Measure J’s supporters and funders include the L.A. Dodgers, AEG, LACMA and Mayor Villaraigosa, who together have raised $2.2 million dollars in campaign contributions. According to them, Measure J will bring 400,000 new local jobs, decrease traffic and will make popular areas more accessible by train.

Opponents of Measure J, which include the Bus Riders Union and City Supervisors Michael Antonovich and Don Knabe, say the measure is discriminatory and promotes gentrification in low income communities of color.

While most of the revenues from the Measure J sales tax will be spent on the rail system, in the last five years alone bus service has been cut by almost one million hours, making it difficult for low wage employees to travel to and from work. Metro Officials have publicly said they prefer focusing on rail projects.

But in 2011, a federal civil rights review showed that the MTA had violated civil rights regulations knowingly – their cuts to bus services were known by MTA to be racially discriminatory. The MTA’s rail expansion make them property owners throughout Los Angeles, and as such, it has encouraged developers to construct high-end shopping centers, homes and businesses along their rail routes.

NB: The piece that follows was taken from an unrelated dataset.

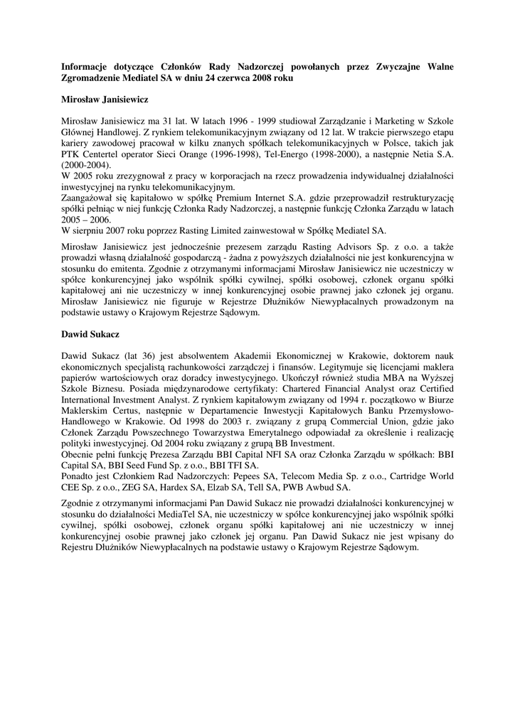 Informacje dotyczące Członków Rady Nadzorczej powołanych przez Zwyczajne Walne Zgromadzenie Mediatel SA w dniu 24 czerwca 2008 roku Mirosław Janisiewicz Mirosław Janisiewicz ma 31 lat. W latach 1996 - 1999 studiował Zarządzanie i Marketing w Szkole Głównej Handlowej. Z rynkiem telekomunikacyjnym związany od 12 lat. W trakcie pierwszego etapu kariery zawodowej pracował w kilku znanych spółkach telekomunikacyjnych w Polsce, takich jak PTK Centertel operator Sieci Orange (1996-1998), Tel-Energo (1998-2000), a następnie Netia S.A. (2000-2004). W 2005 roku zrezygnował z pracy w korporacjach na rzecz prowadzenia indywidualnej działalności inwestycyjnej na rynku telekomunikacyjnym. Zaangażował się kapitałowo w spółkę Premium Internet S.A. gdzie przeprowadził restrukturyzację spółki pełniąc w niej funkcję Członka Rady Nadzorczej, a następnie funkcję Członka Zarządu w latach 2005 – 2006. W sierpniu 2007 roku poprzez Rasting Limited zainwestował w Spółkę Mediatel SA. Mirosław Janisiewicz jest jednocześnie prezesem zarządu Rasting Advisors Sp. z o.o. a także prowadzi własną działalność gospodarczą - żadna z powyższych działalności nie jest konkurencyjna w stosunku do emitenta. Zgodnie z otrzymanymi informacjami Mirosław Janisiewicz nie uczestniczy w spółce konkurencyjnej jako wspólnik spółki cywilnej, spółki osobowej, członek organu spółki kapitałowej ani nie uczestniczy w innej konkurencyjnej osobie prawnej jako członek jej organu. Mirosław Janisiewicz nie figuruje w Rejestrze Dłużników Niewypłacalnych prowadzonym na podstawie ustawy o Krajowym Rejestrze Sądowym. Dawid Sukacz Dawid Sukacz (lat 36) jest absolwentem Akademii Ekonomicznej w Krakowie, doktorem nauk ekonomicznych specjalistą rachunkowości zarządczej i finansów. Legitymuje się licencjami maklera papierów wartościowych oraz doradcy inwestycyjnego. Ukończył również studia MBA na Wyższej Szkole Biznesu. Posiada międzynarodowe certyfikaty: Chartered Financial Analyst oraz Certified International Investment Analyst. Z rynkiem kapitałowym związany od 1994 r. początkowo w Biurze Maklerskim Certus, następnie w Departamencie Inwestycji Kapitałowych Banku PrzemysłowoHandlowego w Krakowie. Od 1998 do 2003 r. związany z grupą Commercial Union, gdzie jako Członek Zarządu Powszechnego Towarzystwa Emerytalnego odpowiadał za określenie i realizację polityki inwestycyjnej. Od 2004 roku związany z grupą BB Investment. Obecnie pełni funkcję Prezesa Zarządu BBI Capital NFI SA oraz Członka Zarządu w spółkach: BBI Capital SA, BBI Seed Fund Sp. z o.o., BBI TFI SA. Ponadto jest Członkiem Rad Nadzorczych: Pepees SA, Telecom Media Sp. z o.o., Cartridge World CEE Sp. z o.o., ZEG SA, Hardex SA, Elzab SA, Tell SA, PWB Awbud SA. Zgodnie z otrzymanymi informacjami Pan Dawid Sukacz nie prowadzi działalności konkurencyjnej w stosunku do działalności MediaTel SA, nie uczestniczy w spółce konkurencyjnej jako wspólnik spółki cywilnej, spółki osobowej, członek organu spółki kapitałowej ani nie uczestniczy w innej konkurencyjnej osobie prawnej jako członek jej organu. Pan Dawid Sukacz nie jest wpisany do Rejestru Dłużników Niewypłacalnych na podstawie ustawy o Krajowym Rejestrze Sądowym.
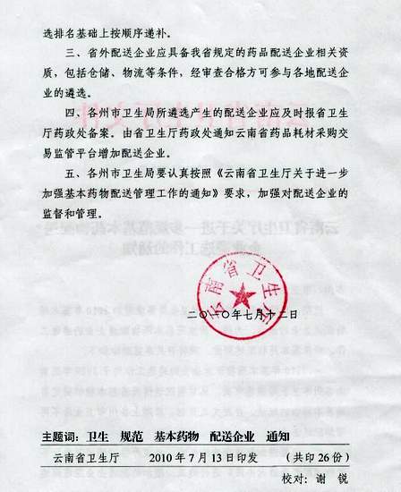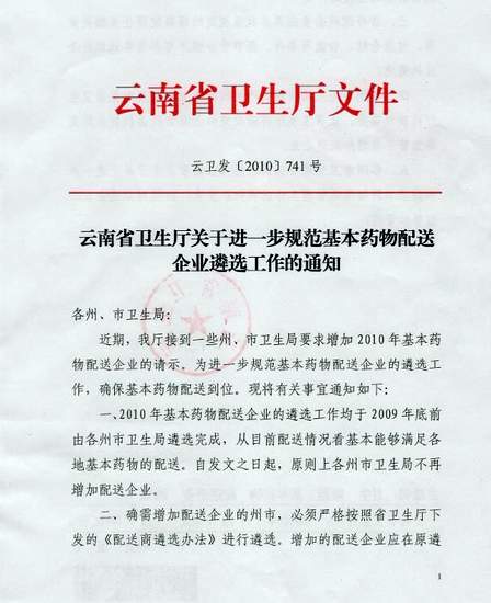 2010年云南省衛(wèi)生廳關(guān)于進一步規(guī)范基本藥物配送企業(yè)遴選工作通知

GUEST: Sunyoung Yang, Lead organizer with Bus Riders Union

Visit www.noonmeasurej.net for more information.

3 responses so far

3 Responses to “Why A Broad Coalition of Grassroots Groups Oppose Measure J”

  1. Alek Fon 01 Nov 2012 at 12:05 pm

    Once again,
    bus service cuts have NOTHING to do with Measure R or Measure J. They’re independent of each other. It’s sad that BRU members spread wrong propaganda without learning facts first.
    If Measure J passes (hopefully!), then both Rail and Bus service will improve, due to additional funding. However, if Measure J does not pass, then neither Bus or Rail service will improve. Not only that, in the event Measure J does not pass, bus service may be reduced even further.
    Please learn the facts, dear BRU, before rejecting a measure that would improve mass transit system citywide!

  2. LAofAnaheimon 01 Nov 2012 at 1:18 pm

    Apparently, the BRU still avoids telling the Facts behind the bus service cuts. Here are your two distinct reasons for service cuts. 1) the end of the Consent Decree in 2006, which artifically inflated bus service for 10 years and 2) the state raid of the Transit Operating Assistance that would be distributed to each county has nearly disappeared. Look at OC, it has no more owl service anywhere and went to 1970s level. Sacramento has suffered tremendous bus service. Luckily, in LA, Measure R was able to backfill what was lost in the state raid of transit funds.

    In effect, if you want to limit more bus service, then vote No on J. Measure J gives 20% to bus operations, something the BRU absolutely does not mention. If you support all public transportation, vote Yes on J. We cannot survive on buses alone, we need a comprehensive system of rail, bus and bike lanes.

  3. George Buzzettion 02 Nov 2012 at 3:33 pm

    As was stated by a Beverly Hills City Councilperson “The Bus Riders Union was correct before Measure R was passed that MTA would cut bus service and raise fares.” I can easily receive money, waste it, inter fund transfer it and cut bus service at the same time. How many of you have over 20 years experience nationwide busting fraud. For the experienced person this is easy to understand.

    Let me ask you true believers in the MTA this question “Why is there only one paragraph with no specific legal details for $90 billion and there are 34 pages for the $40 billion Measure R?”

    Also, who knows what the transportation demographic needs will be that far out. These greedy politicians also want another 1/2 cent for the city and increased parking fines, increased parking charges and charges on your property transfer. Where will it end? This is fifth grade math. Is that too hard to comprehend for you “True Believers?”

    Public, wake up and smell the corruption. MTA has proven that they do not care about any community no matter the wealth, race or any other factor. Their only concern are their wealthy contractors, devolupers and campaign contributors.

    As a friend of mines grandfather taught him “I hear real good, but I see a whole lot better” to which I also say “Do not listen to the silvery tongued devils, only watch what they do.”